RECORDS TO PROCESS.

---

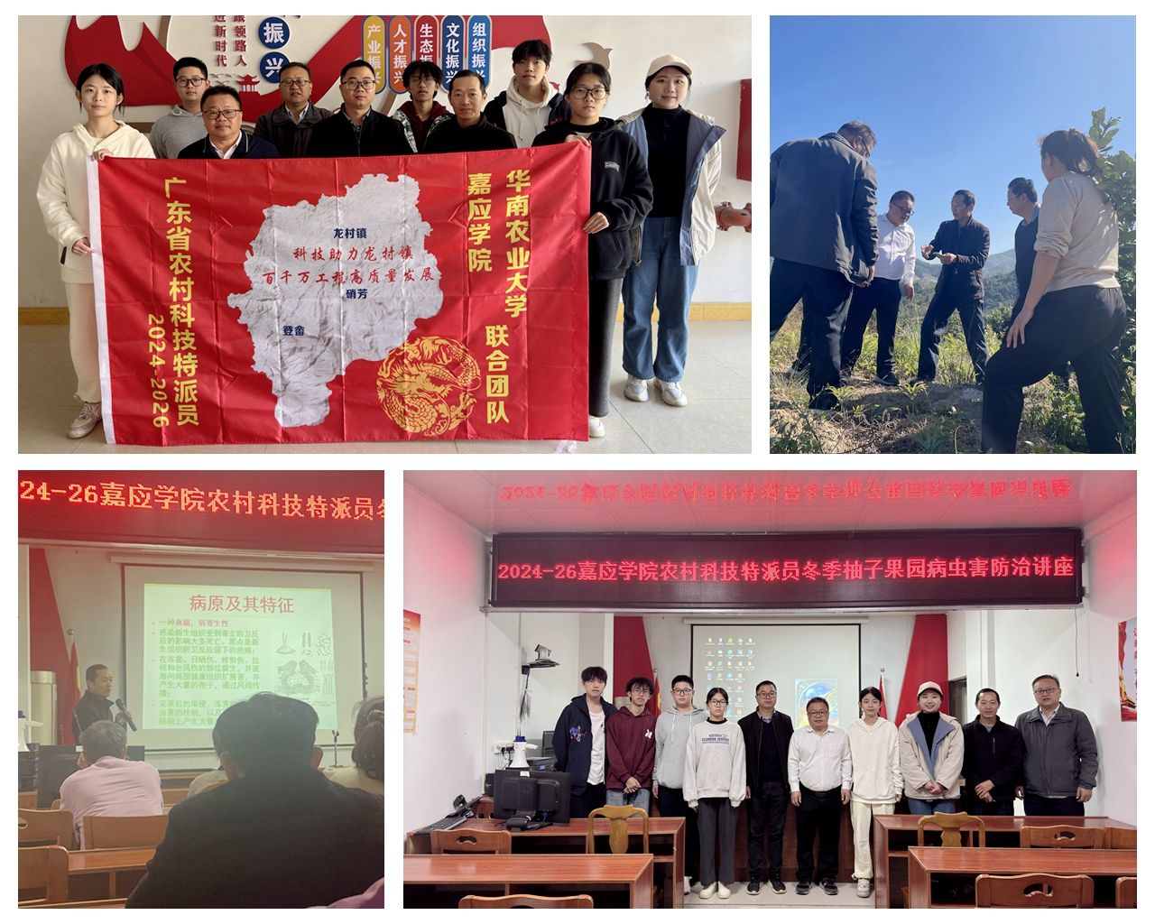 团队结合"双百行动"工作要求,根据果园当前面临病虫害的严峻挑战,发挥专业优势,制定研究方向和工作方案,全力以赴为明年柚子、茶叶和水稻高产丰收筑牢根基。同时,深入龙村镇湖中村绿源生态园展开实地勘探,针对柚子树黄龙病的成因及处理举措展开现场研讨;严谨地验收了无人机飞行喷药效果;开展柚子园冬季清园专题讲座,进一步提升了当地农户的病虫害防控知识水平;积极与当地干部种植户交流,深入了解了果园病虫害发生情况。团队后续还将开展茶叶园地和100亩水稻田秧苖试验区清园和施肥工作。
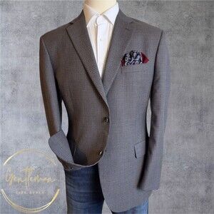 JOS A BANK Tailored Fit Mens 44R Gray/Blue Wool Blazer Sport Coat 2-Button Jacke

---

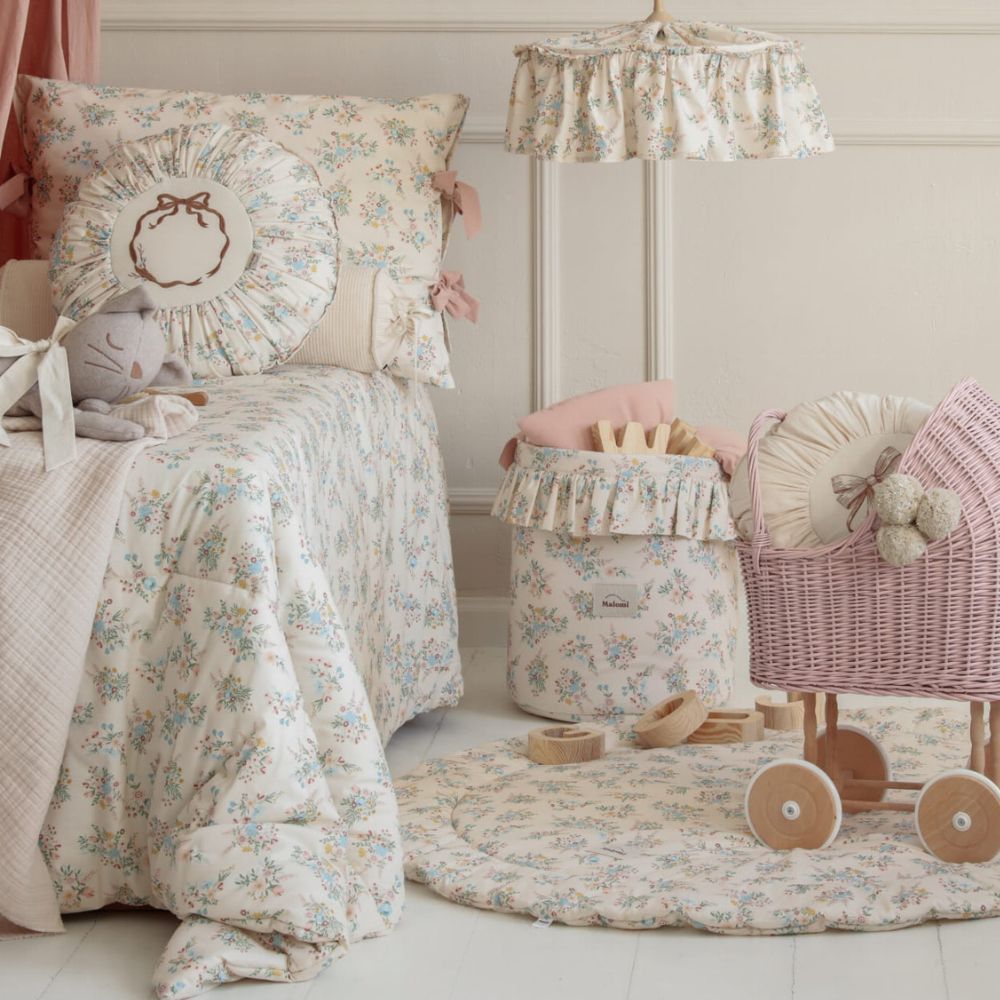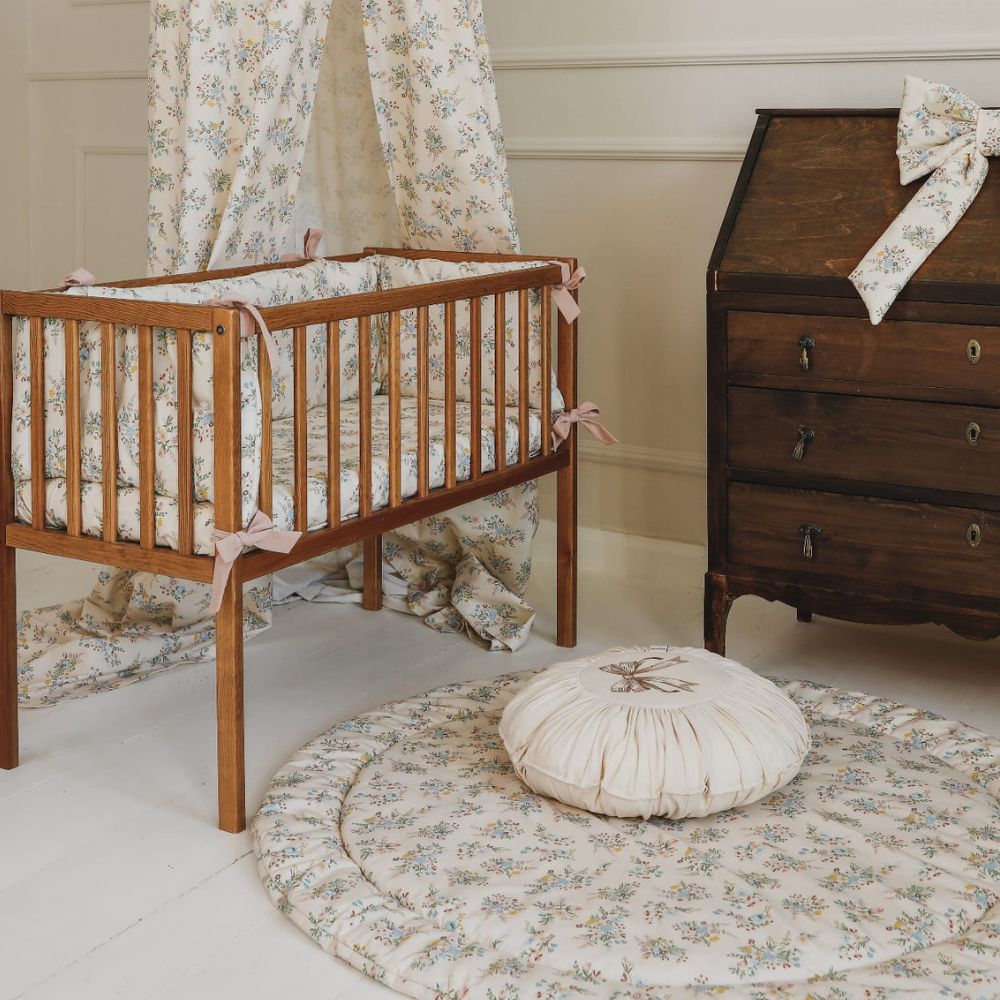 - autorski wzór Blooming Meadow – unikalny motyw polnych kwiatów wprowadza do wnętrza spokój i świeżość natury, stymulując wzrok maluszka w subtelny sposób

---

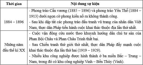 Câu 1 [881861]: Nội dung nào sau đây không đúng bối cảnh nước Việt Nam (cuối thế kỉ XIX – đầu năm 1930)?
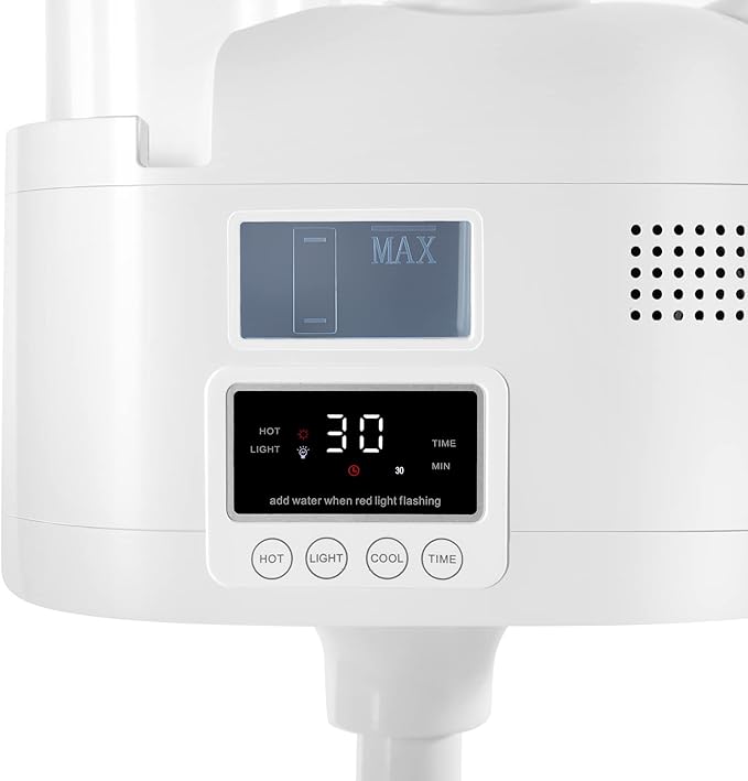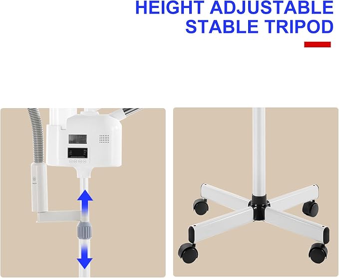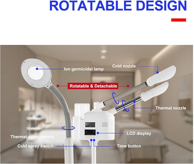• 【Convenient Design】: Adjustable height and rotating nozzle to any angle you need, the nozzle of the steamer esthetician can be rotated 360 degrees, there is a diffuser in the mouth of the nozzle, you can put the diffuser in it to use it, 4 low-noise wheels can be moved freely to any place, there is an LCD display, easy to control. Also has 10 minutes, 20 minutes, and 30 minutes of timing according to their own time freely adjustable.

---

YOUR TASK.
Please transcribe exactly the part of the records that opens with the line containing "Câu 1 [881861]: Nội" and closes with the line containing "time freely adjustable.", both ends included, and leave out the pictures.

EXERCISE ANSWER.
 Câu 1 [881861]: Nội dung nào sau đây không đúng bối cảnh nước Việt Nam (cuối thế kỉ XIX – đầu năm 1930)?
• 【Convenient Design】: Adjustable height and rotating nozzle to any angle you need, the nozzle of the steamer esthetician can be rotated 360 degrees, there is a diffuser in the mouth of the nozzle, you can put the diffuser in it to use it, 4 low-noise wheels can be moved freely to any place, there is an LCD display, easy to control. Also has 10 minutes, 20 minutes, and 30 minutes of timing according to their own time freely adjustable.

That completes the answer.